Every grade -- compiled in April, sent to the Alabama Association of School Boards and unveiled Tuesday night -- was an improvement over last year. Because the Hoover board is good at everything. According to the Hoover board.

It's not so cut and dried for those looking in. Those like Arnold Singer. Singer, of Hoover, sat in the second row Tuesday night when those grades were unveiled. He asked a question, and got an answer that says more about the Hoover board than any self survey ever could. "Excuse me," Singer said. "It's a little hard to hear back here. If you could project ..."

That was it, before Board Member Bill Veitch responded with a disdain now immortalized on YouTube (thanks to Hoover's Trisha Crain).

"We're talking to ourselves, really," Veitch said, somehow managing not to choke on his irony. "We're not speaking for you."

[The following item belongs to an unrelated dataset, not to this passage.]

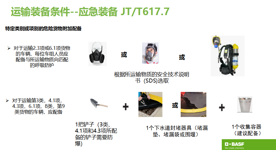 防护手套(危险货物运输车以及BASF签约普货车辆)、化学防护服(BASF签约危险货物车辆及有特殊要求的普货车辆)

Which is just what you want to hear from your public officials."

Watch the video below of the proceedings.  Turn up the volume so you can hear the statement.  Watch the facial expressions of all involved.

Then think about what % of your managers are like Bill Veitch when it comes to letting your employees have a voice and give the gift of feedback.



That is classic. So many managers have trouble receiving feedback from the people they serve. I'm not able to see to You Tube video here at work (don't get me started on companies that block all social media sites) so thanks for the overview - I'll have to watch it at home.

For those of you who are managers, please remember that the feedback you get from your team is a gift and you need to treat it that way. That doesn't mean you have to agree with it, but you do need to respect it and appreciate the fact that people are trying to help you be even more effective.

I always coach my leaders to accept feedback with grace and dignity so that they can learn from it and move forward. How can you do this? By:
- trying to control your defensiveness
- listening to understand
- suspending judgment
- summarizing and reflecting on the feedback
- asking questions to clarify
- asking for examples and stories that illustrate the feedback
- being approachable
- checking in with others to determine the reliability of the feedback
- taking the time to determine what to do with the feedback

As a manager, you have the unique ability to demonstrate to your team how to receive feedback and act on it. Please take advantage of this great opportunity.

John D Roberts

Maybe worse than the example in the video, which is at least frank, is pretending to be sincere and appearing to care, and then not acting on the feedback. People stop listening to people who aren't listening. It may be months before everyone notices that every assertion is tested before it's believed.